FDA approves Vanflyta for newly diagnosed acute myeloid leukemia
The FDA approved quizartinib for use in combination with standard chemotherapy for treatment of patients with newly diagnosed acute myeloid leukemia with FLT3 internal tandem duplication mutations.
The indication authorizes use of quizartinib (Vanflyta, Daiichi Sankyo) with cytarabine and anthracycline induction and cytarabine consolidation, and as maintenance monotherapy after consolidation chemotherapy.
The FDA also approved LeukoStrat CDx FLT3 Mutation Assay (Quest Diagnostics) as a companion diagnostic to identify patients who may benefit from quizartinib.
Quizartinib is an orally administered selective FLT3 inhibitor.
Approximately 25% of AML cases have FLT3-internal tandem duplication (ITD) mutations.
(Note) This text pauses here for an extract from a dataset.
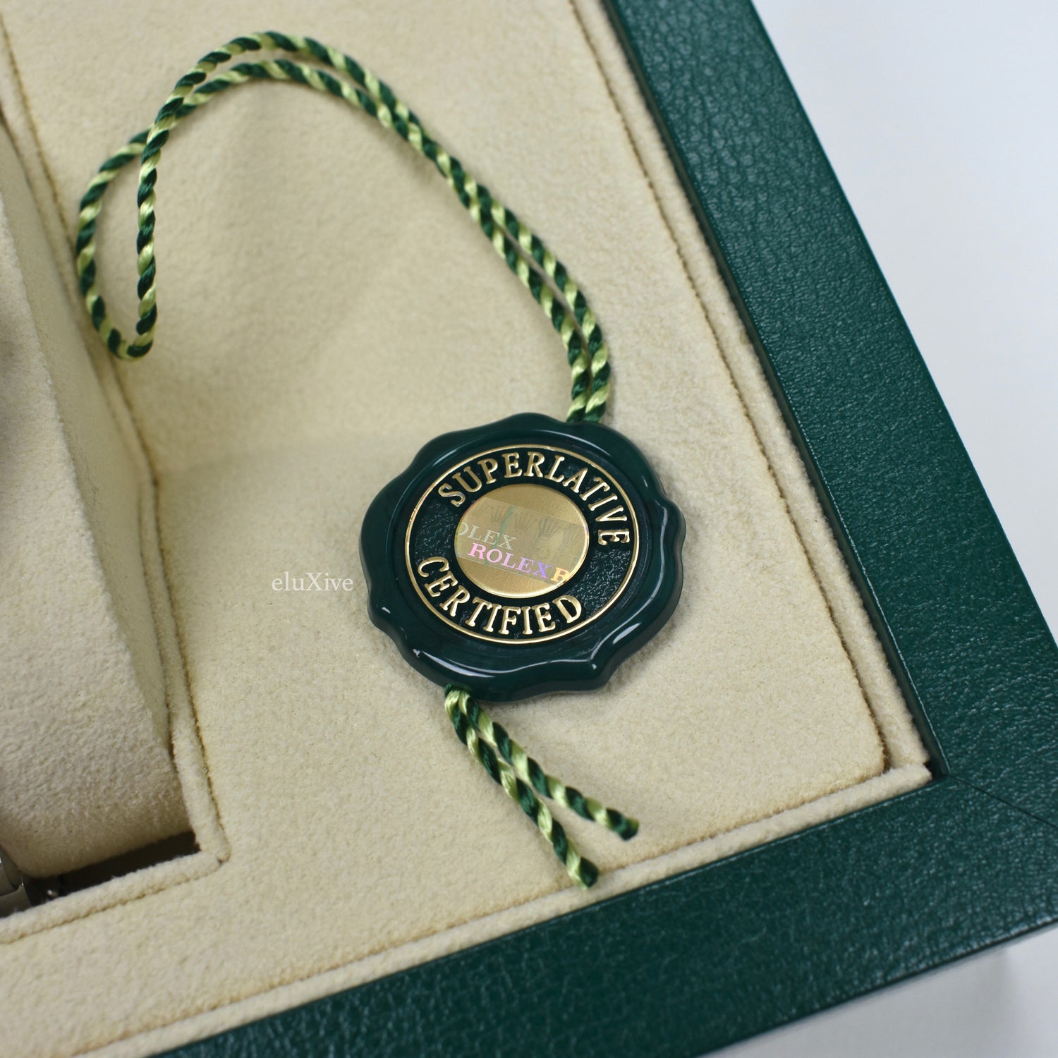 - Includes full set - original inner box, outer box, storage case, tags, bezel ring, booklets, warranty card, card holder, Rolex store bag and receipt.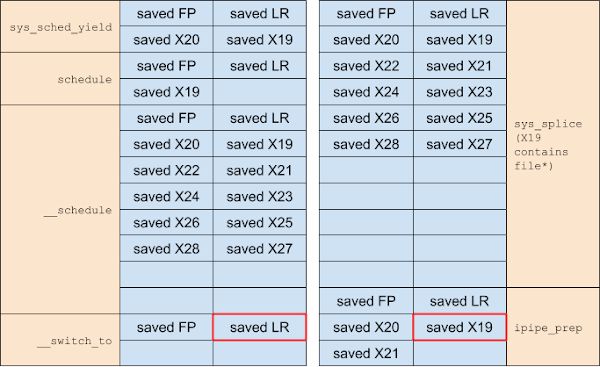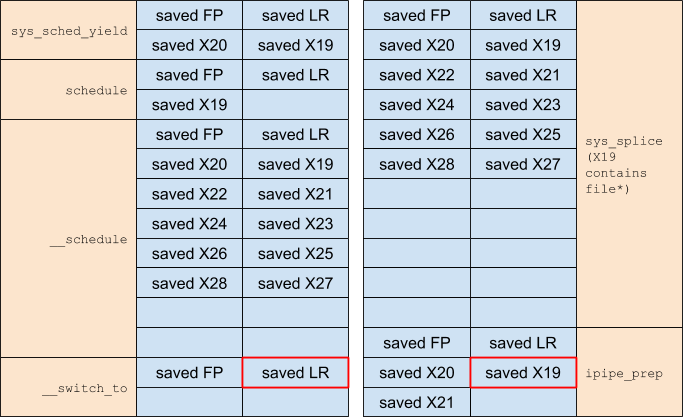 Similarly, we can leak the address of the struct file associated with a pipe using sched_yield() and pipe-to-pipe splice(). The stack layouts for this look as follows (entry-from-EL0 exception frames not shown, since they look the same for all syscalls):

These mutations are associated with unfavorable prognosis — including higher risk for relapse and shorter OS — than FLT3-ITD wild-type disease.
Patients who received quizartinib plus intensive chemotherapy had an approximate doubling of their median OS, representing about a 22% reduction in risk for death, according to Mikkael Sekeres, MD, chief of the division of hematology in the leukemia section at University of Miami Sylvester Comprehensive Cancer Center and chair of ASH’s communications committee.
“Those are big numbers for a patient who has a FLT3 mutation,” he told Healio.
Moreover, front-line therapy with quizartinib plus chemotherapy has demonstrated an OS advantage among older adults with FLT3-postive AML, he added.
"[This approval] gives us a really good option for patients with the FLT3-ITD mutation and for older adults,” he said. “It also represents a good option for those patients who may not tolerate midostaurin.”
The FDA based approval of quizartinib on results of the randomized phase 3 QuANTUM-First trial, which included 539 adults (median age, 56 years) with newly diagnosed FLT3-ITD-positive AML.
Researchers randomly assigned patients 1:1 to quizartinib (n = 268) or placebo (n = 271) in combination with standard anthracycline- and cytarabine-based induction and consolidation regimens, plus maintenance monotherapy.
Eligible patients — including those who underwent allogeneic hematopoietic stem cell transplantation — received single-agent quizartinib or placebo for up to 36 cycles.
OS served as the primary endpoint. Secondary endpoints included EFS, post-induction rates of complete remission and composite complete remission, and the percentage of patients who achieved complete remission or composite complete remission with FLT3-ITD minimal residual disease negativity.
Median follow-up was 39.2 months.
As Healio previously reported, results showed improved OS in the quizartinib group (median, 31.9 months vs. 15.1 months; HR = 0.78; 95% CI, 0.62-0.98). Researchers reported the same complete response rate in each treatment group (55%) but a longer median response duration in the quizartinib group (38.6 months vs. 12.4 months).
Grade 3 or higher neutropenia occurred more frequently with quizartinib (18.1% vs. 8.6%), and a higher percentage of patients assigned quizartinib discontinued treatment due to adverse events (20.4% vs. 8.6%). Researchers reported mortality-associated treatment-emergent adverse event rates of 11.3% with quizartinib vs. 9.7% with placebo.
The FDA previously granted priority review to quizartinib for this indication. However, the agency subsequently extended its target action date by 3 months due to updates to proposed Risk Evaluation and Mitigation Strategies for the agent.
The label will include a boxed warning about QT prolongation, torsades de pointes and cardiac arrest.
Quizartinib is not indicated as maintenance monotherapy after allogeneic HSCT and OS improvement with the agent has not been demonstrated in that setting, according to FDA.